Is this an example of the 3 male rule or are you saying no way to the Calvus and Comps in the same tank? Im really wanting to do 3 Ink Fin Calvus and 3 Gold Head Comps in my 75 gallon. They will only be a little over an inch and within 18 months they will be in an 8 foot tank with several more of each... at least that is my plan if you agree that it has a good chance of working. They will be introduced initially with 4 Julidichromis transcriptus and a colony of Multi's. 
Also say they did breed... is it not obvious enough that they have formed a pair? I'm asking because I have no experience with Tangs.


----------



## DJRansome (Oct 29, 2005)

Fogelhund and triscuit say they will crossbreed, don't mix. Razzo says they won't if you have the right numbers and male:female ratios for each. This is an example of agree to disagree.


----------



## Razzo (Oct 17, 2007)

if you have multiple males of each species, there is a high probability that these two species will completely ignore each other even when spawning.
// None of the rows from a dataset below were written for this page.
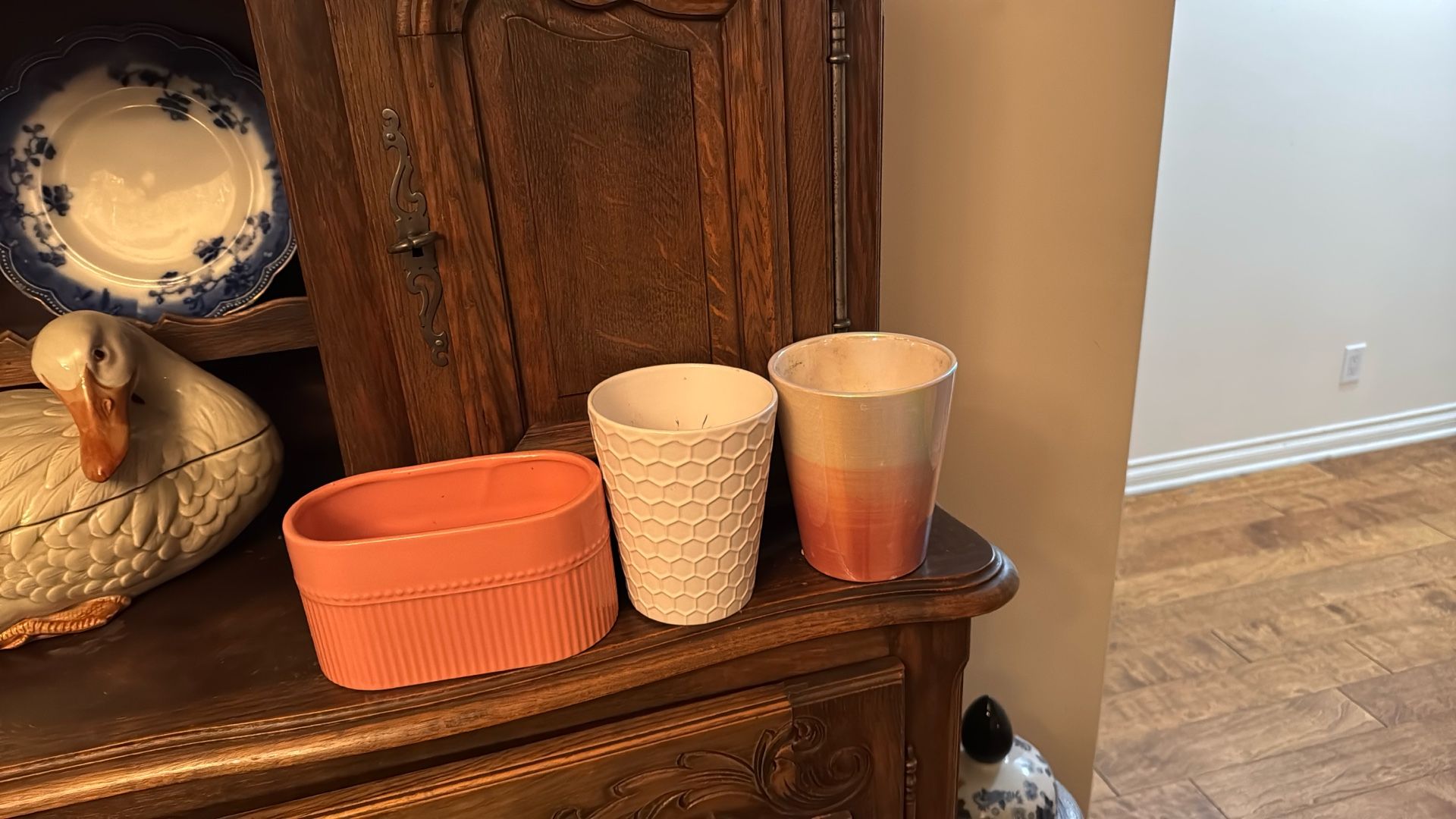Could be used for various things sold. as a bundle 1 is peach, 1 has an octagon print and is white and the other is an ombré peachy ink to white - use for plants, flowers orchids, pencil holder, miscellaneous container, organizer Cash and pick up only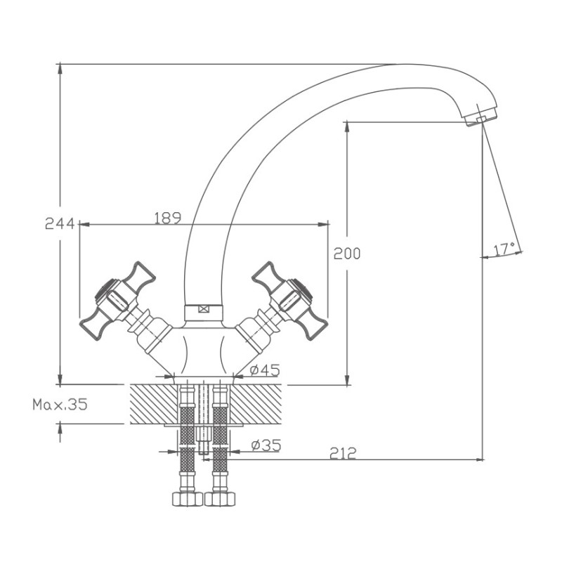 Смеситель для кухни бренда Haiba. Изготовлен из латуни. Укомплектован аэратором. Гибкая подводка 40 см. С поворотным изливом.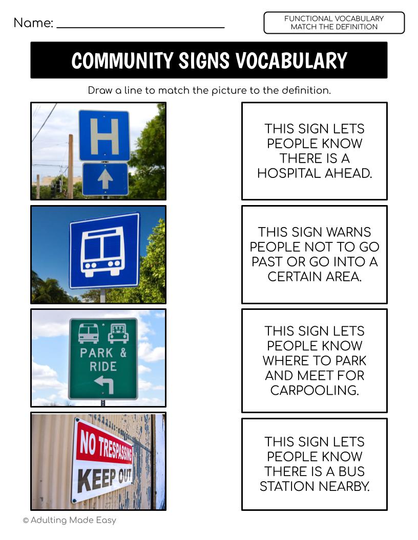 Functional vocabulary packets & lecture for life skills special education or English Language Learners to focus on everyday sight words great for daily warm up word of the day or group lessons, or for mastering IEP reading goals!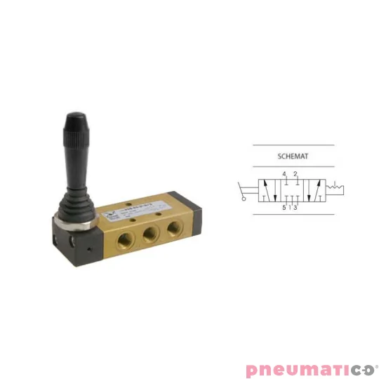Zawór ręczny z dźwignią boczną trójpozycyjną - 3 pozycje stabilne 5/3 PNEUMAX 1/8 Czarny 228.53.31.9/2

Three males of each would be nice.

If you have one trio of calvus (1m/2f) and one trio of comps (1m/2f) then the three male rule has been violated and all bets are off.

If you are starting with young altolamps, the more males the better. Over stocking will help. Give it a try!

Anything can happen, but this has been my repeated experience. I've combined them numerous times and they have never cross bred.


----------